It’s not as if the trade we defined as the “Big Short 3.0″ needed help to plumb fresh record lows (as it has been doing virtually every day in the past month, see “New “Big Short” Hits Record Low As Focus Turns To $400 Billion CRE Debt Maturity Wall“), but it’s getting it anyway courtesy of an unexpected source.
While it is common knowledge by now that lower-tier and suburban office markets as entering the nine circles of hell…
… for reasons most recently and succinctly summarized by Chris Whalen…

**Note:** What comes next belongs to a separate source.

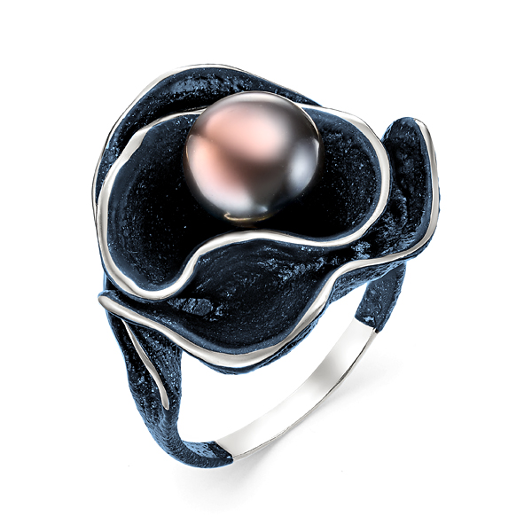 Кольцо с жемчугом и эмалью из серебра 925 пробы

Problem with #CRE goes like this. Occupancy falls, SQFT rental price falls, rent roll falls, then bldg value falls.reserves consumed. Lender seeks more equity to restore 50% LTV. Equity does numbas, walks away…. @blackstone
— Richard Christopher Whalen (@rcwhalen) March 31, 2023
… and visually by the IMF in this report from 2021…
… many were left with the opinion that the world’s top office market remains largely unscathed.

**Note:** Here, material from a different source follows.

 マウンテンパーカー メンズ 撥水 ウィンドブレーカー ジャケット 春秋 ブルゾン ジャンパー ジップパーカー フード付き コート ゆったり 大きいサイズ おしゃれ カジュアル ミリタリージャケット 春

Unfortunately, that opinion was wrong: according to the latest report from brokerage Jones Lang LaSalle, which tracks about 470 million square feet (44 million square meters) of New York City offices, found a mere 4.6 million square feet of office space was leased in the first quarter. That means that Manhattan’s office-vacancy rate was at a record high as new developments add even more space to the struggling market. Specifically, 16.1% of space was empty as of the first quarter, with leasing is at its lowest levels since the second quarter of 2021. Other real estate companies found si similar results: Colliers recorded a 16.9% vacancy rate in the fourth quarter and a 17.3% rate in the first quarter of 2021.
“You’re having this anemic leasing activity, more space is being added in the form of newly constructed or newly renovated space, but also sublease space continues to pile up,” said Andrew Lim, director of research at JLL.
According to the report, while the market was already struggling with excess supply, it was flooded with more than 1.5 million square feet of office space in the first quarter with the completion of 660 Fifth Ave.’s redevelopment.
Not all of that space will stay empty as landlord Brookfield Properties has signed leases with finance firms including Macquarie Group. The building – formerly known as the iconic 666 Fifth Ave – and the former home of hedge fund giant Millennium Partners until its recent move to 399 Park, has gained traction after undergoing $400 million in renovations that include a new lobby, elevators and facade.
There was some good news on the office front: one of the biggest leases to come to fruition in the first quarter was Citadel’s master lease of 350 Park Avenue. Ken Griffin’s firm is leasing 585,000 square feet from Vornado Realty Trust at the property for 10 years, where the initial annual rent will be $36 million.
Still, the increase in available space ramps up the pressure on landlords that own older buildings across the city. With the rise in remote work, tenants are more inclined to move to newer developments or towers that have been recently renovated, especially with the recent deluge of office space availability courtesy of the Hudson Yards project.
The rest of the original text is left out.